Absent these discussions, how much longer would it have taken the United States to perceive and, much more important, respond to new realities?
No doubt, Navy officers would have thought about some of these things—maybe all of these things—even had Proceedings never existed, but absent a platform to express their views, and an audience to consider them and then to argue back in future articles, would they have had the kind of impact needed to effect change? We all know the old question about a tree falling in the forest: Does it make a sound if no one is there to hear it? In the same way, does an idea in the mind of one man make an impact absent a venue to share it?
Proceedings not only reported on events and ideas in the U.S. Navy, but also kept naval officers abreast of events in other countries and in other navies, at a time when most Americans paid little or no attention to events beyond our shores. There are articles on the tactics and strategies used in the Russo-Japanese War, as well as multiple—indeed, sometimes interminable—considerations of the Battle of Jutland.
There are many reflections on naval history in Proceedings, but since 1987, most of the historical pieces that otherwise would have appeared in Proceedings appear in the Institute’s other journal, Naval History, the leading periodical of its type and my personal favorite.
The Institute’s periodicals are at the core of its mission, but the Institute also has played many other roles.
In 1926, the Institute provided the seed money to create the Naval Historical Foundation. Its check was for $1,000. That, in itself, is an example of how much things have changed. Today, a copy of the 1917 Bluejacket’s Manual, another important product of the Institute, sells for that same amount.
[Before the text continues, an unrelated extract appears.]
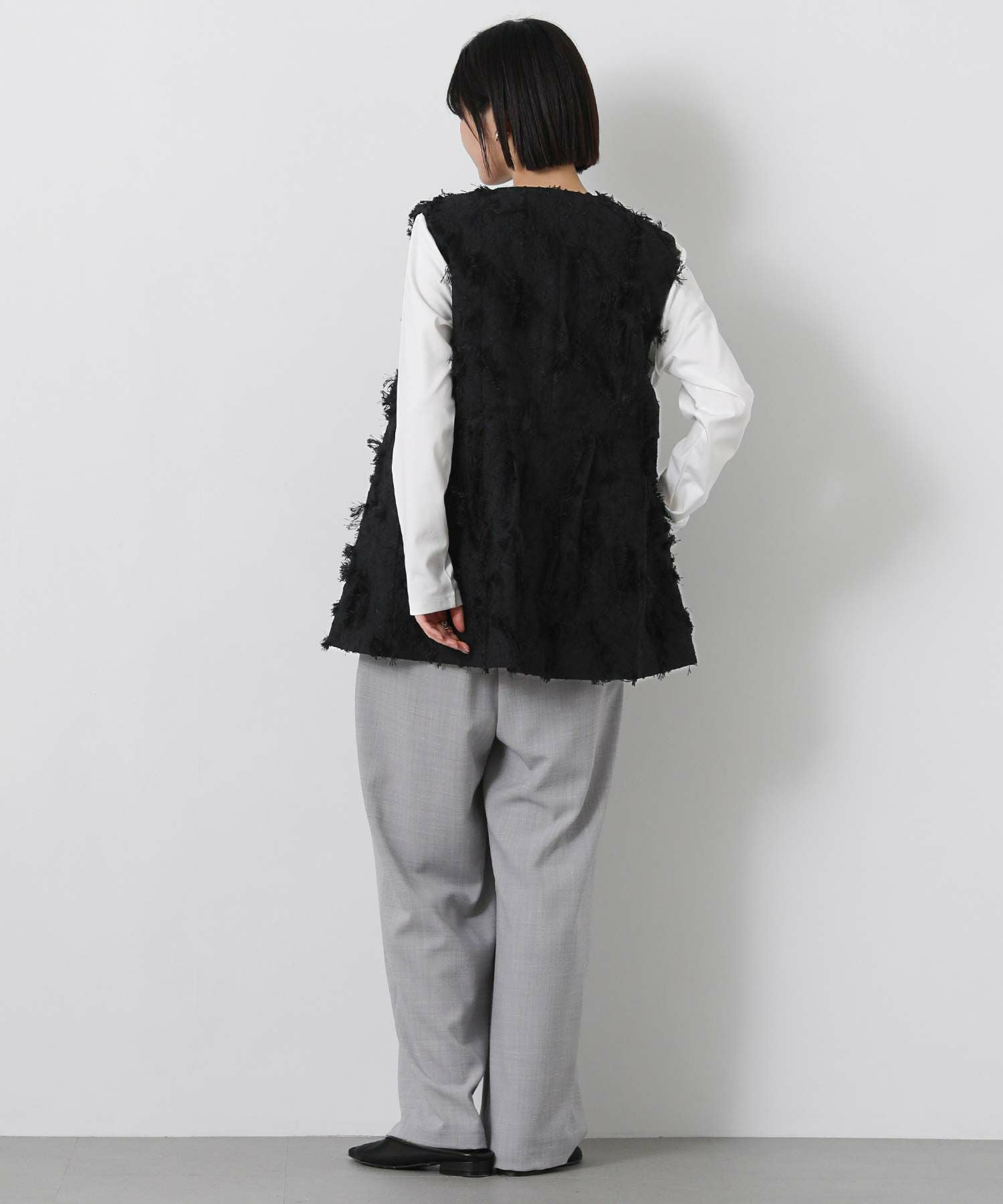 首元はノーカラーにすることで、インナーと合わせやすいデザイン。

In addition, of course, there is the Institute’s book-publishing arm, the Naval Institute Press. Founded in 1898, only 25 years after the organization itself, the press has published literally hundreds of books, none more important than the Bluejacket’s Manual, first published in 1902. A copy was handed to me when I was in boot camp in 1970. And, of course, it is still published today.
The Naval Institute Press publishes many other professional books, some of which are also manuals of a sort, including The Petty Officer’s Drill Book, The Manual of Wireless Telegraphy, and the Division Officer’s Guide. Others have explored more philosophical topics, such as How Navies Fight by Frank Uhlig, or Wayne Hughes’ series on Fleet Tactics. The press also has rescued a number of classics from the out-of-print dustbin, including Julian Corbett’s Some Principles of Maritime Strategy, J. C. Wylie’s Military Strategy, and Samuel Eliot Morison’s multivolume History of United States Naval Operations in World War II.
And, of course, the Institute has published, and continues to publish, important books on naval history. Any serious naval historian discovers early that when you need a reliable, authoritative book on just about any topic of naval history, 80 percent of the time it will have been published by the Naval Institute Press. And this year the Naval Institute released Denis Clift’s book on the history of the Institute itself, aptly titled The Pen and the Sword, in which he goes into far more detail about its rich history.
Let me end by simply repeating what Captain Roy Smith said a hundred years ago in 1923: “With the possible exception of the War College at Newport, no other source has so greatly furthered the material development and professional advancement of the Navy than the Naval Institute.”
Congratulations.
Editor’s Note: Adapted from a speech presented at the Naval Institute’s 2023 Annual Meeting on 10 May.